Data entries
-- Opening Marker --
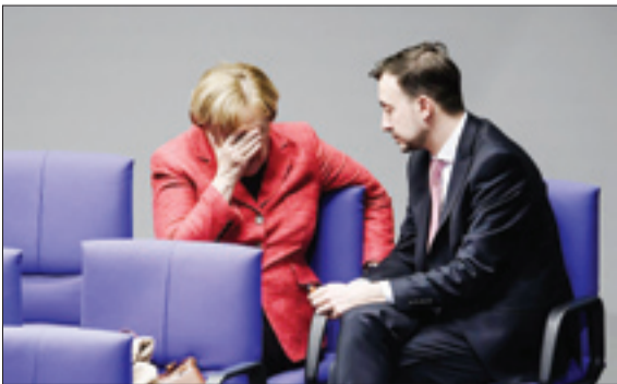
انگلا مرکل در کنار ریاست شاخه جوانان حزب دموکرات مسیحی در پارلمان آلمان
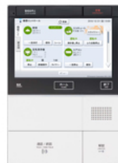
【マンション用インターホン Clouge】
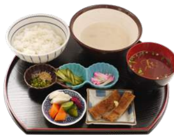
伊予さつま御膳 (じゃこ天+鯛のすまし汁付) ¥907
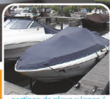
carpitas de playa y lonas o cortinas de praia e lonas
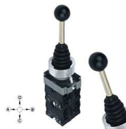
Przełącznik Joystick OFF + 4x NO chwilowy

Opis: Przełącznik typu Joystick OFF + 2 pozycje NO, manipulator, położenia chwilowe. Długość całkowita 12 cm ( LA139 ZD2-PA22 )
-- Closing Marker --
Task prompt >> Make a word-for-word copy of the entries, without any pictures.

Response area >>
انگلا مرکل در کنار ریاست شاخه جوانان حزب دموکرات مسیحی در پارلمان آلمان
【マンション用インターホン Clouge】
伊予さつま御膳 (じゃこ天+鯛のすまし汁付) ¥907
carpitas de playa y lonas o cortinas de praia e lonas
Przełącznik Joystick OFF + 4x NO chwilowy

Opis: Przełącznik typu Joystick OFF + 2 pozycje NO, manipulator, położenia chwilowe. Długość całkowita 12 cm ( LA139 ZD2-PA22 )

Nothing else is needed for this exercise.